Gruner Patricia, Anticevic Alan, Lee Daeyeol, Pittenger Christopher
Department of Psychiatry, Yale University, New Haven, CT, USA Learning Based Recovery Center, VA Connecticut Health System, West Haven, CT, USA.
Department of Psychiatry, Yale University, New Haven, CT, USA Department of Psychology, Yale University, New Haven, CT, USA Interdepartmental Neuroscience Program, Yale University, New Haven, CT, USA.
Neuroscientist. 2016 Apr;22(2):188-98. doi: 10.1177/1073858414568317. Epub 2015 Jan 20.
Decision making in a complex world, characterized both by predictable regularities and by frequent departures from the norm, requires dynamic switching between rapid habit-like, automatic processes and slower, more flexible evaluative processes. These strategies, formalized as "model-free" and "model-based" reinforcement learning algorithms, respectively, can lead to divergent behavioral outcomes, requiring a mechanism to arbitrate between them in a context-appropriate manner. Recent data suggest that individuals with obsessive-compulsive disorder (OCD) rely excessively on inflexible habit-like decision making during reinforcement-driven learning. We propose that inflexible reliance on habit in OCD may reflect a functional weakness in the mechanism for context-appropriate dynamic arbitration between model-free and model-based decision making. Support for this hypothesis derives from emerging functional imaging findings. A deficit in arbitration in OCD may help reconcile evidence for excessive reliance on habit in rewarded learning tasks with an older literature suggesting inappropriate recruitment of circuitry associated with model-based decision making in unreinforced procedural learning. The hypothesized deficit and corresponding circuitry may be a particularly fruitful target for interventions, including cognitive remediation.
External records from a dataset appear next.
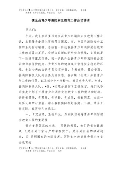 / 【七哥公文】2025年:在全县青少年消防安全教育工作会议讲话+更多免费公文+VX:QiGeGongWen2024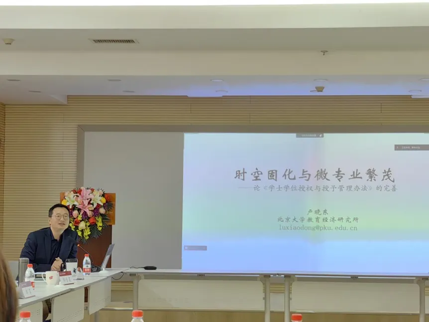 北京大学教育经济研究所卢晓东研究员,作题为《时空固化及其突破——论《学士学位授权与授予管理办法》的完善》的报告。该研究重点从时空固化与微专业的繁茂性来讨论《学士学位授权与授予管理办法》的完善。研究中发现,双学位和联合学士学位的发放时间受高考招生政策限制,导致时间固化。此外,辅修学士学位的授予问题也引起讨论,认为应考虑空间限制,辅修学位无法构成一种学位,且辅修学分较少。卢晓东老师还强调了跨学科辅修双学位和教育与文明发展的教育问题,并认为应单独发放双学士学位证书和成绩单,以推动符合性人才培养和优质教育资源共享。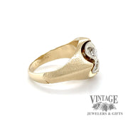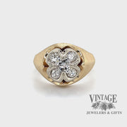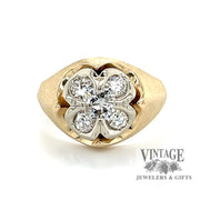A 14k gold ring featuring five diamonds in a unique cluster design. Four Old European cut diamonds with G color and VS clarity add up to .40 carats, while an additional .39 carat, round brilliant G color I1 clarity diamond sits at the center for a total diamond weight of .79 carats (estimated). Finger size 7.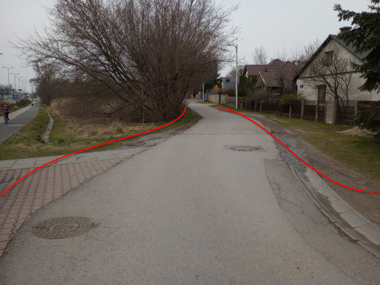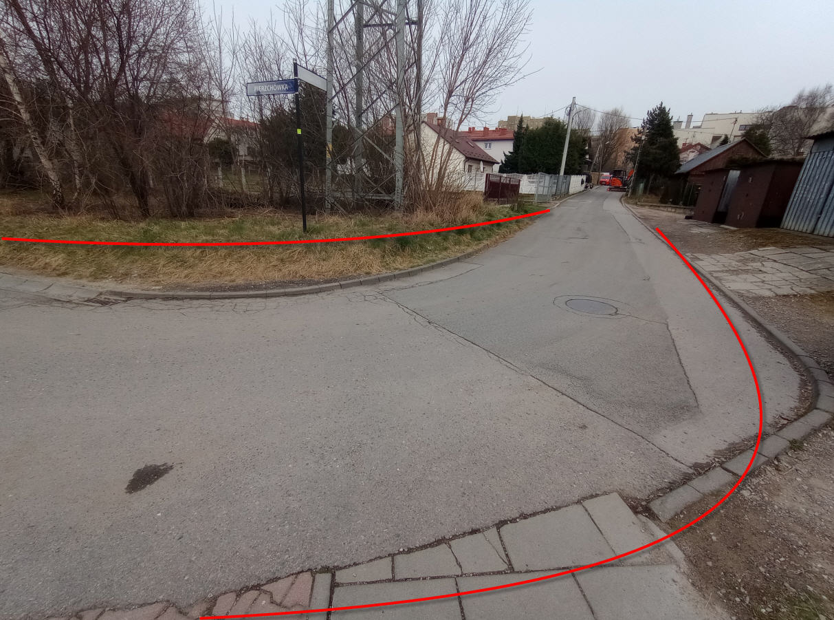Dodatkowo (obowiązkowo) w zakres projektu wchodzi wyrównanie terenu działki 231/2 do poziomu ulicy oraz zastąpienie obecnej roślinności niskiej i średniej taką, która uniemożliwi zarastanie tego terenu wysoką trawą i krzakami, co ma obecnie miejsce, a przy rzadkim koszeniu traw w Krakowie znacząco utrudnia ruch pojazdów poprzez ograniczanie widoczności przed i w zakręcie. Chętnie zachowamy część tej działki, która pozostanie poza zakresem nowego przebiegu drogi jako teren zielony, ale tak by nie ograniczał widoczności kierowcom i pieszym. W ostateczności dopuszczamy inny rodzaj nawierzchni przy samej jezdni.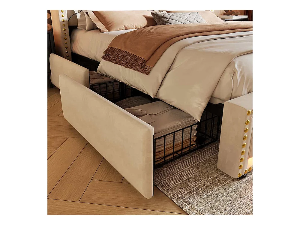 Lit avec rangement 140x200 lit double pour adolescent avec 4 tiroirs lumière LED et port de charge USB-C avec matelas en velours beige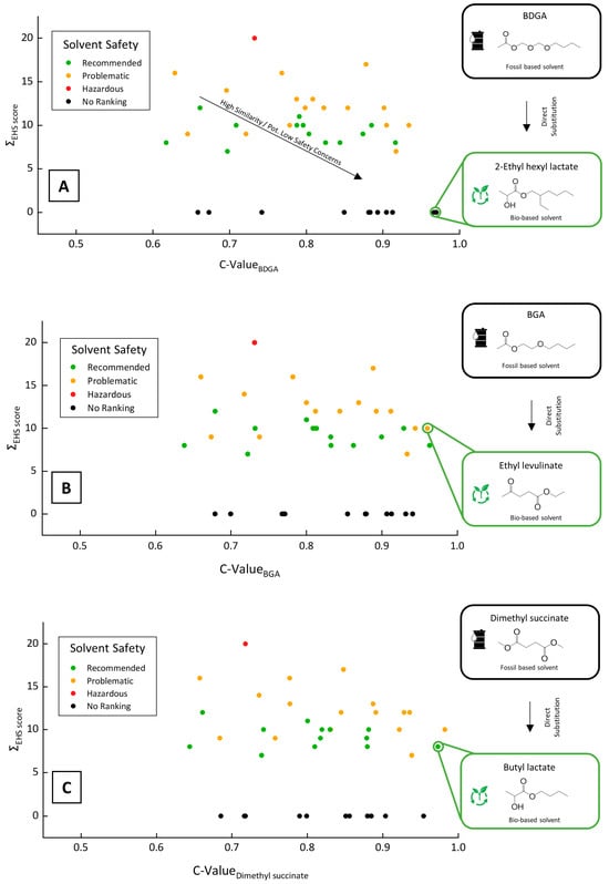 Direct substitution of three solvents: (A) butyl diglycol acetate (BDGA), (B) butyl glycol acetate (BGA) and (C) dimethyl succinate. Each data point represents a bio-based solvent listed in the solvent catalog and is characterized by the sum of EHS (environment, health, safety) score according to CHEM21 solvent guide and the TOPSIS-C-value. All solvents are assigned to certain safety groups depending on EHS data according to CHEM21 (recommended: green, problematic: yellow, hazardous: red and no Ranking: black). The solvent to be substituted is shown on the top right, while the replacing bio-solvent is displayed on the bottom right.
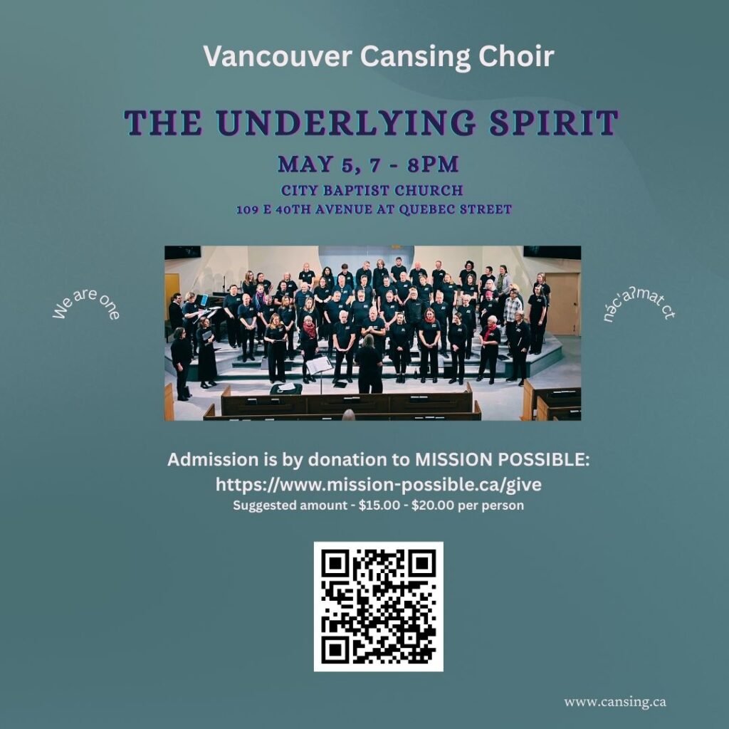 You are invited to the Vancouver Cansing Choir Spring Concert May 5, 2026, The Underlying Spirit, on Tuesday, May 5 at 7:00 PM at City Baptist Church (109 E 40th Ave, formerly Immanuel Baptist Church).

在一个既具有可预测规律又频繁偏离常态的复杂世界中进行决策,需要在快速的习惯式自动过程和较慢的、更灵活的评估过程之间进行动态切换。这些策略分别被形式化为“无模型”和“基于模型”的强化学习算法,可能会导致不同的行为结果,这就需要一种机制在适当的情境中对它们进行仲裁。最近的数据表明,患有强迫症(OCD)的个体在强化驱动学习过程中过度依赖僵化的习惯式决策。我们提出,强迫症中对习惯的僵化依赖可能反映了在无模型和基于模型的决策之间进行情境适当动态仲裁机制的功能缺陷。对这一假设的支持来自新出现的功能成像研究结果。强迫症中仲裁功能的缺陷可能有助于调和在奖励学习任务中过度依赖习惯的证据与早期文献中关于在无强化程序学习中不适当调用与基于模型决策相关的神经回路的证据。假设的缺陷和相应的神经回路可能是包括认知修复在内的干预措施特别有效的目标。